The Narrows is another popular hike at the Zion National Park, right up there in popularity with Angels Landing, it could get crowded depending when you go.
Jolin and I hiked the Narrows in June, the water level was not too high and temperature was chilly but bearable. The morning of the hike we drove to Zion Adventure Company in Springdale right outside the park to check the water level, if the water level is too high sometime they will close off the trail. We rented canyoneer boots, neoprene socks, and hiking pole as recommended by a lot of TripAdvisor members for $23. Having tried the boots in the canyon, I would highly recommend renting them! The Narrows is completely doable with your hiking boots or even sneakers, but the boots provided insane grip on wet rock underwater, I did not feel any slippage even once. And besides, would you really want to deal with wet shoes and wet socks after the hike?
After arriving at the trail head via the Zion Nation Park shuttle, we hiked a bit before we get to the beginning of the Narrows. Once there, we immediately have to start walking in the water, there is no keeping your feet dry on this trail. There were a lot of families clustered around this section, many of them just staying here for photo ops or to relax. I noticed about 1/3 the people were using hiking pole and rental boots, and the people without moved around slower and more carefully (although there were crazy exceptions) but the trail was definitely doable without the hardcore gear.
From this point on it was an endless march in ankle-deep water, knee-deep water, once in awhile hip-deep water. There were always people around, the crowd did not thin out until we get deep into the Narrows.
After a good 4 hours into the hike, the air temperature noticebly dropped and thunder could be heard in the far distance. The lone middle-aged hiker coming towards us from where we were going said we probably should turn back. The idea of flash flood has been drilled into my head from all the warnings at Zion Adventure Company as well as various videos I have watched prior to this trip. Jolin and I snapped a few more photos around the bend and headed back where we came, the entire time I was keeping my ears open, watching for additional debris in the water, as well as mentally checking for high grounds we could run to in case of an actual flood.
Thankfully none came.
Although deep down I was also disappointed I did not get to apply all the flash flood rescure manuvers that I learned.

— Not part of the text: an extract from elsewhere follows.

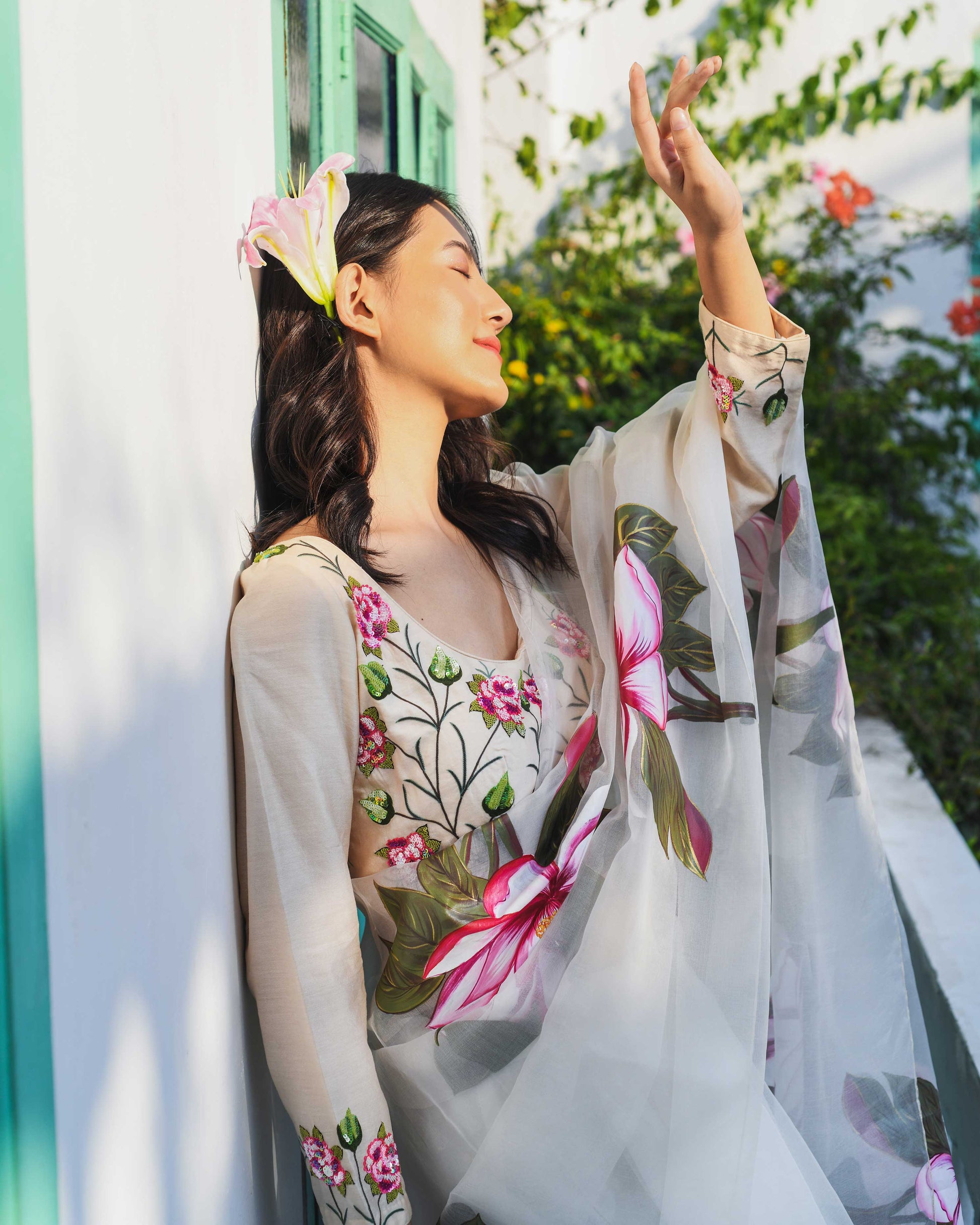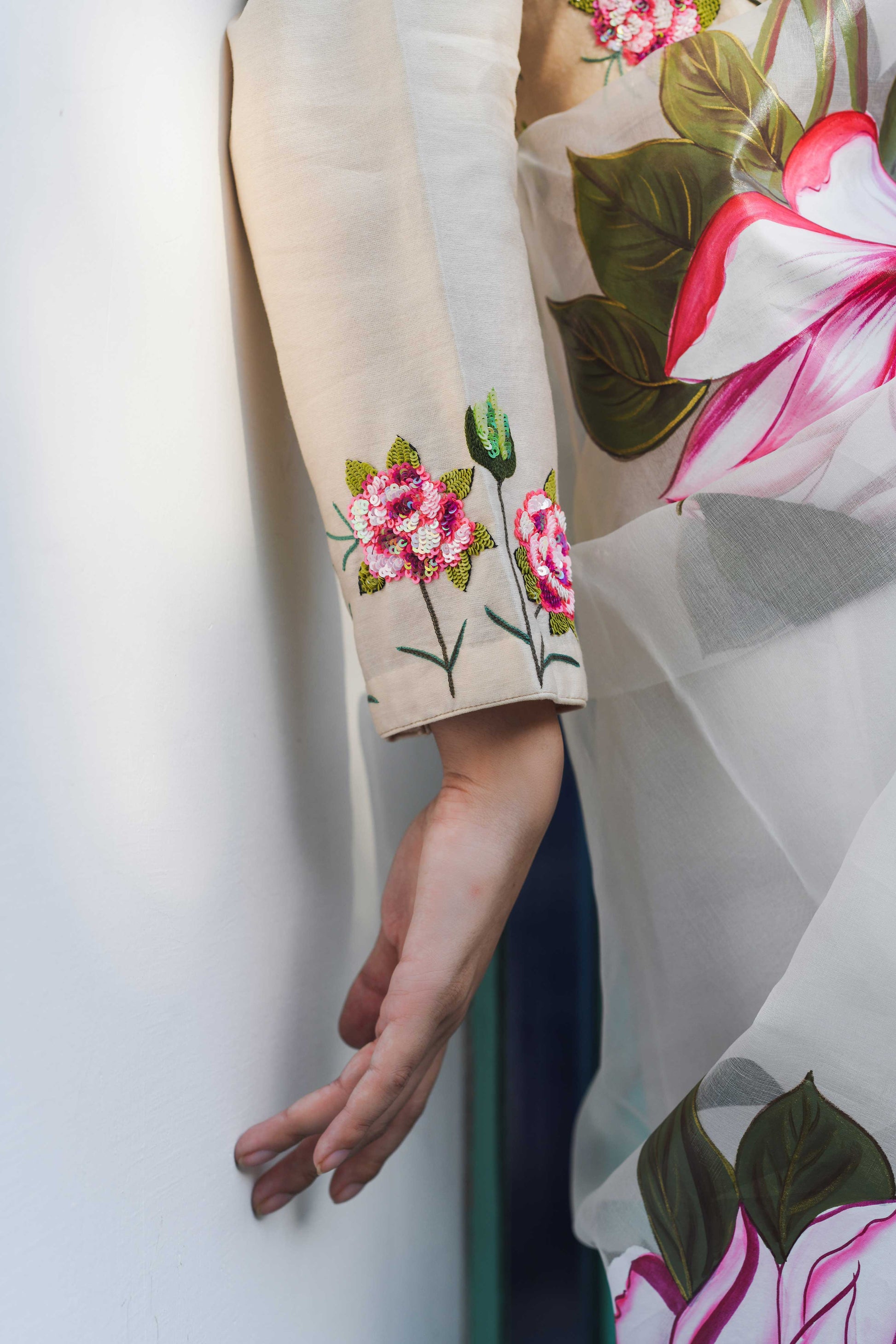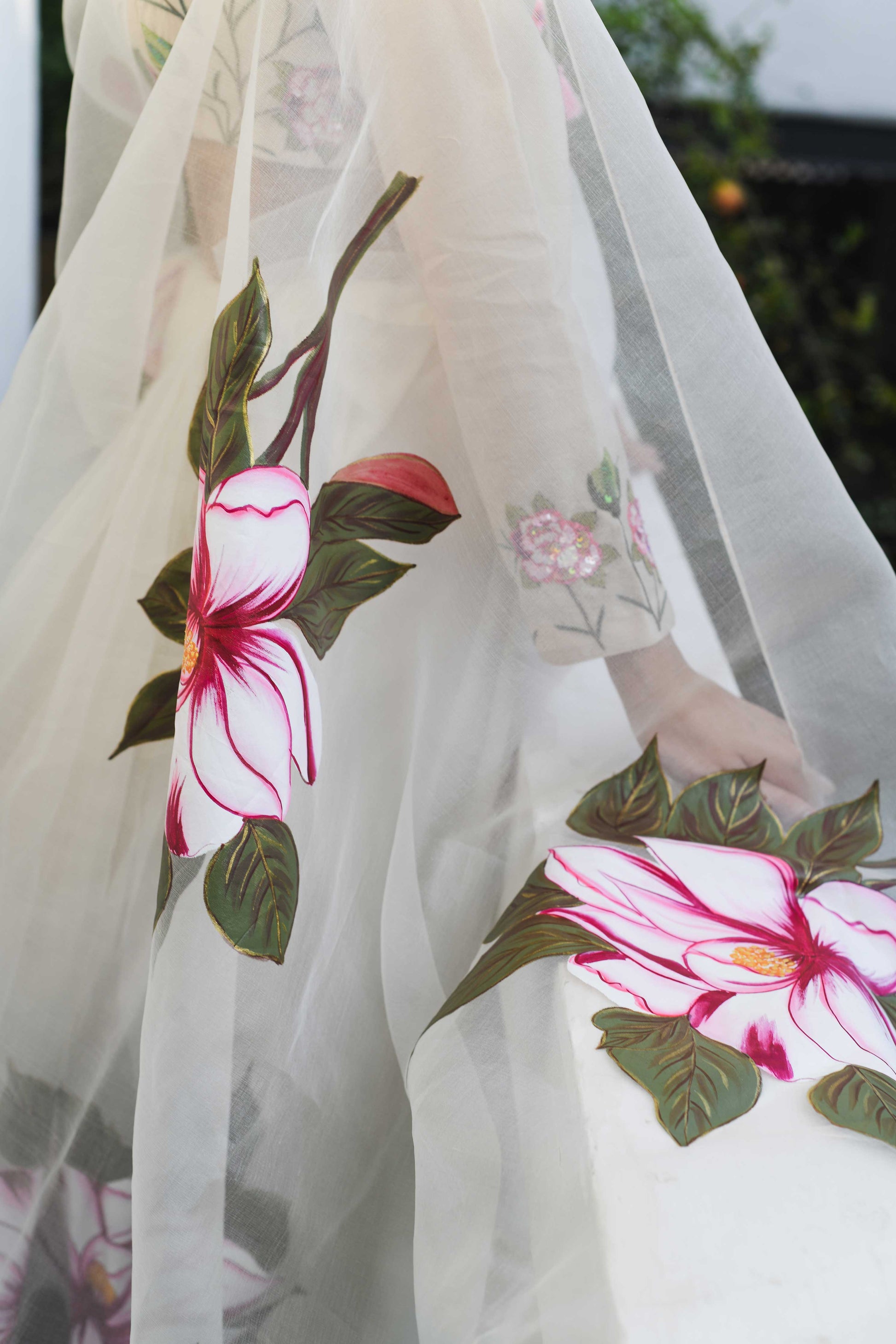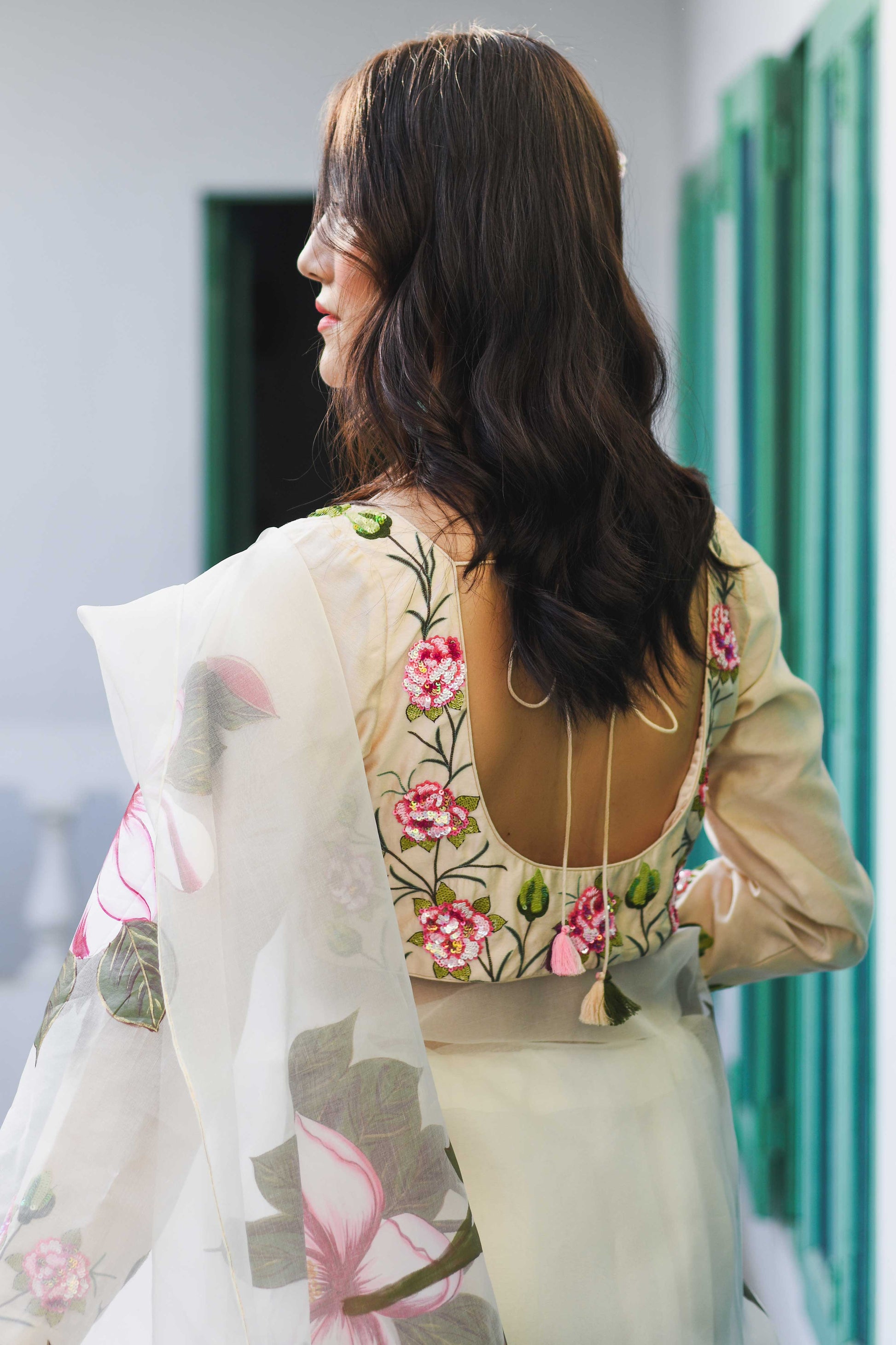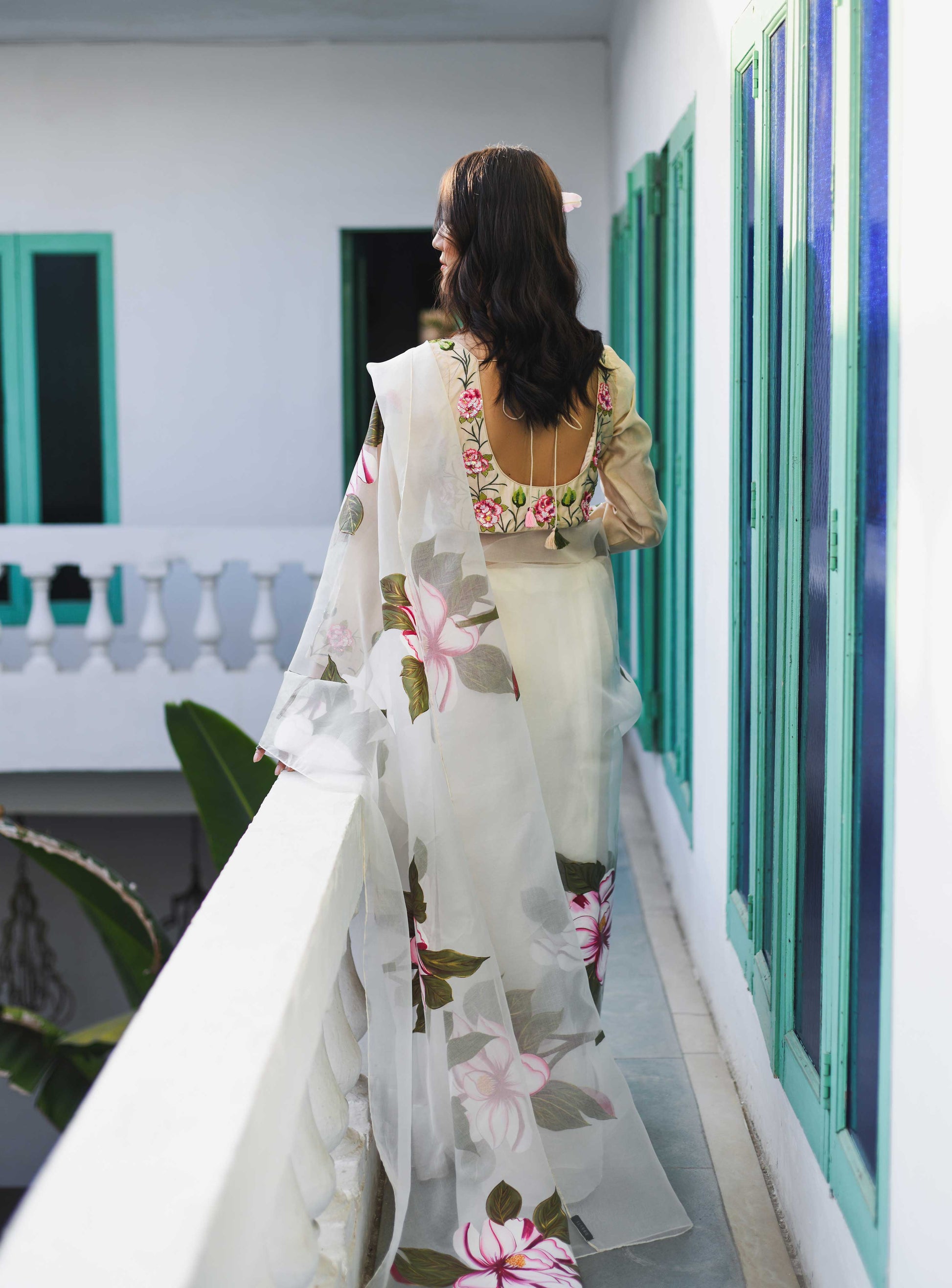White Hand painted organza saari with peonies paired with a matching hand embroidered chanderi blouse.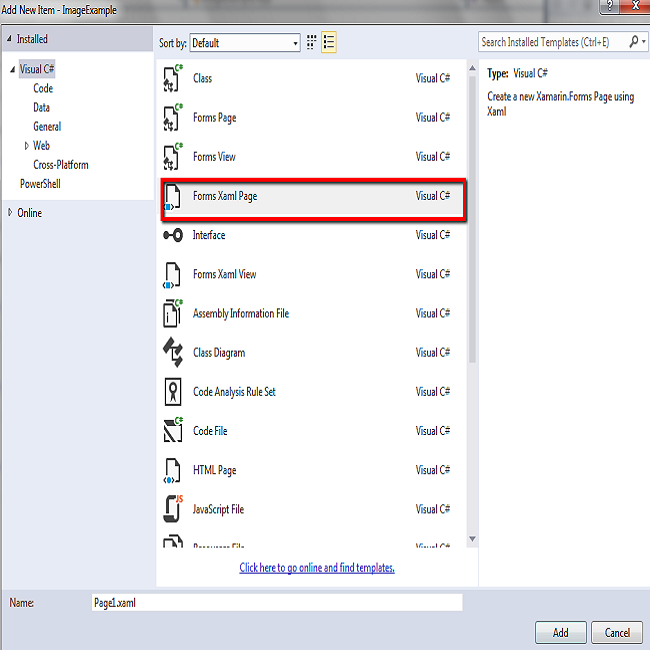 Open Page1.Xaml and add the code in this page.

Overall the hike was adequet. Wading in the river was fun for the first 30 minutes, after the novelty wore off it was just a straight walk with rare deep wading. There were a lot of hikers on this trail and by now you know how I feel about crowd. While the rock formation looked great they also started to look the same after awhile. You could argue that I did not hike all the way to the end, but from speaking to other seasoned hikers, the walls do not consistently get narrower, it varies between narrow to wide and was told that the views would look relatively the same. Now, if you can hike the Narrows from the top down (requires permit and guide), that would be a completely different story, but hiking the Narrows from the shuttle stop, it was just adequet, even though many visitors raved about this trail.
Personally if wading in a river excits you and can keep you excited, this would be a great trail, otherwise also look into The Subway (requires permit). It supposedly has a good mix of river wading as well as wilderness hiking, which may provide more variety and less crowd compared to the Narrows.
Did I also mention that there is no bathroom along The Narrows?